| name | security-audit |
| description | Audit the product against the LOCK checklist (Login secure, Only authorized access, Clean inputs, Keys hidden), cross-checked against policy.json's actually-enforced rules, not just the abstract framework. Run before any deploy (pair with /ship-checklist), monthly, and whenever /multi-model-review flags something security-critical. |
Security Audit (LOCK checklist)
The founder can't personally verify security. LOCK gives 4 checkable
things instead of an unanswerable "is this secure?" — but a self-reported
checklist is still vibes, so cross-check it against the policy engine
that's actually running, not just the abstract framework.
What to do
-
L — Login is secure. Confirm passwords are hashed, sessions
expire, and auth uses a real provider (e.g. Supabase Auth) rather than
anything hand-rolled.
-
O — Only authorized access. Confirm row-level security actually
exists — attempt to access another user's resource yourself and report
the real result. Don't accept an agent's assertion that it's fine.
-
C — Clean inputs.

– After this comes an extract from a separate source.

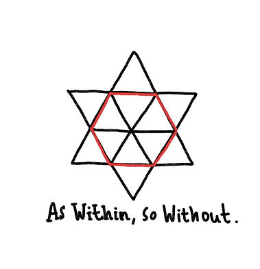 This concept of balancing the energies within our Consciousness, so that we harmonize ourselves with the divine proportions of these energies found in Nature, is called the Hermetic Principle. Named after the Greek god Hermes, the Messenger of the Gods, this idea has also been expressed by the adage "As Above, So Below; As Within, So Without." This conveys that that which takes place within our consciousness is reflected without to our perceptual surroundings. If our consciousness exists in balance and harmony, our external conditions will reflect this internal harmony and order. consciousness thrown out of balance will create chaos and disorder in our external reality.

Confirm validation and sanitization on every
user-facing form and API. Reuse /verify-path's Hostile case if that
testing hasn't already happened for this feature.
-
K — Keys are hidden. Confirm no secrets appear in client-side code
or in any ungitignored file.
-
Cross-check against policy.json's enforced categories —
destructive_ops, secrets, prod_boundary, cost_sensitive. For
each, confirm nothing in that category slipped through before the hook
existed or was bypassed: check whether a secrets-category pattern (a
committed .env, a pasted live key) ever made it into the repo; check
whether a prod_boundary rule like prod-boundary-stripe-live-key
ever fired and was overridden without real justification.
-
Report Red/Yellow/Green per LOCK item, with the specific fix for
anything not Green — matching commands/review-code.md's format.
Anti-patterns to avoid
- Accepting "the AI said it's secure" for Only-authorized-access instead
of actually testing cross-user access yourself.
- Treating LOCK and
policy.json as redundant — LOCK is product-level,
policy.json is tool-call-level. A clean LOCK pass doesn't mean a
secrets rule was never bypassed earlier in the project's history.
- Skipping this before a deploy because
/multi-model-review Layer 3
already ran once, earlier, on something else.